Keeping these non-functional requirements in mind can help guide the thinking of developers and architects in the initial planning stages of an application development project. Although there are no hard and fast rules for this type of process, the following questions can be viewed as guideposts or pointers in making your up-front design decisions:

  1. How easy is it to change the application’s business logic? Remember that the domain model will most likely continue to evolve throughout the life of the system. Because of this, you need to take into account when designing the application that the dependencies between objects should be reduced as much as possible (e.g., with the help of approaches like dependency injection), and similar features should be grouped within the same components to make testing easier.

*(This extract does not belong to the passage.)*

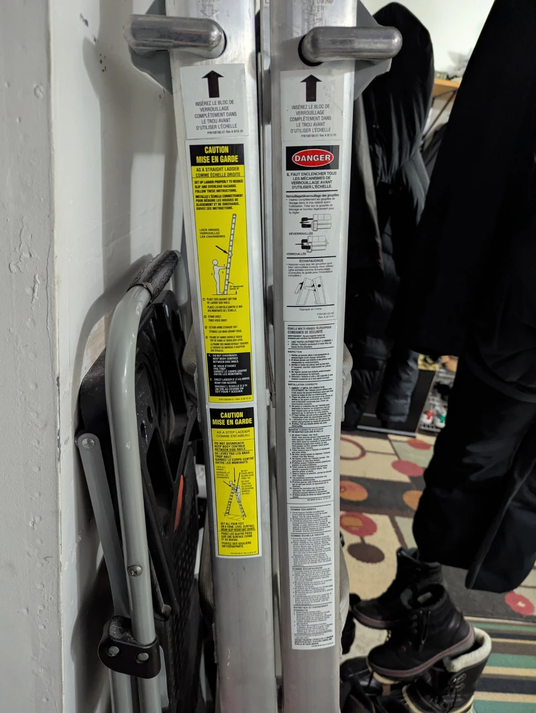 This is a multi-position ladder. It's made of aluminum. This ladder is designed for various tasks around the home.
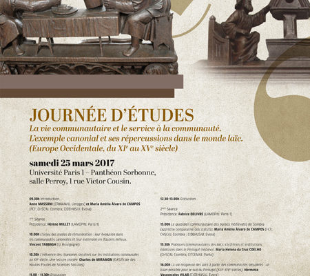 Cette Journée d'études s'intègre dan sle projet de recherche post-doctorale financé par la Fondation Portugaise pour la Science et la Technologie (SFRH/BPD/100765/2014). Cette réunion entre dans les projets du CHSC - UID/HIS/00311/2013 et du CIDEHUS - UID/HIS/0057/2013 et est cofinancée par les fonds européens FEDER/COMPETE 2020 (POCI-01-0145-FED-ER-007702). Elle est appuyée par le Centre de Recherches Interdisciplinaires en Histoire, Histoire de l'Art et Musicologie - EA 4270 CRIHAM - Université de Limoges et le Laboratoire de Médiéviste Occidentale de Paris - UMR 8589 - CNRS - Université de Paris I.

  2. Are you locking yourself and your team into a specific data source? There is always a chance that the DBMS originally chosen will not remain in place for the life of the system; for example, MS SQL may be replaced with MySQL or a requirement might come up to fetch data from external web services or XML files. If your domain objects know how to read/write data from/to a specific database, a change will require a developer to update all of them in order to add another data source. To avoid this, a data access layer should separate the business model from data sources. You can use data mappers (such as EF or nHibernate) or adapters to populate entities.

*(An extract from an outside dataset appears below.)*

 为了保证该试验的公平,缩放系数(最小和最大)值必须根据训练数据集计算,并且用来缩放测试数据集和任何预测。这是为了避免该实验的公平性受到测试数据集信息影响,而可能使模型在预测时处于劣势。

  3. How is data presented to end users? In addition to human beings, end users can also include other tools that consume your system’s web services, so I’m referring to data presentation in general. Because the trend today is clearly in favor of building more web- and mobile-oriented applications that support various browsers and platforms, you should isolate presentation logic from the business model. It may make sense to use an intermediate service layer defining the system’s common operations, which is consumed by particular interface implementations. The MVC pattern is an example of a commonly used approach.

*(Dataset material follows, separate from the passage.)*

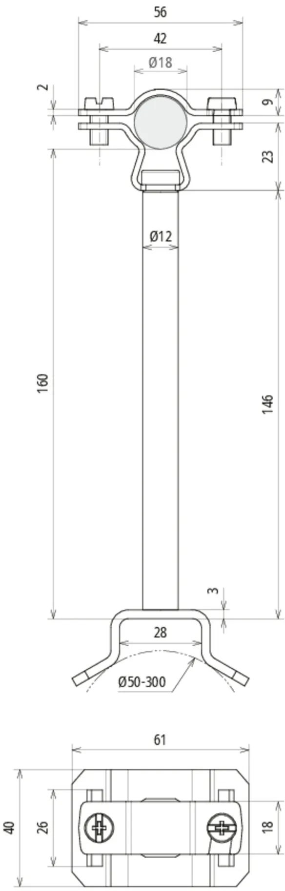 | Klemmeområde (rør) | 50-300 mm |

  4. How complicated is it for your team to create tests for new or existing components? Complexity usually results from spreading business logic across all tiers of the application as opposed to concentrating it in certain components of the system’s business logic. If the system implements complex workflows or if there are a lot of dependencies on data that are difficult to mock (and thus write unit tests for), then specialized integration testing tools may come in handy (BDD tools like Cucumber or Specflow could be a good fit).

In general, there is no doubt in our mind that the agile principle of “you aren’t gonna need it” (YAGNI) is valid. Keeping system design as simple as possible is a good idea, as is deferring design decisions until the time they actually need to be made. For example, XML parsing logic for fetching data should not be implemented until this requirement actually appears in the sprint backlog. And when it’s time to code it, the right architecture will allow you to simply add a connector for the new data source without needing to modify the application’s behavior.

A Matter of Balance

So, yes, you can (and should) do some architecture before starting development. And no, you should not attempt to predict all possible use cases. Rather, the objective of the design effort should be to build enough robustness into the system to reduce the complexity and costs of future changes required to keep the software valuable to customers with continually evolving needs. In other words, you need to have enough structure to be strong, yet remain agile—like a true yokozuna. (And you win extra points if you didn’t have to Google “yokozuna”).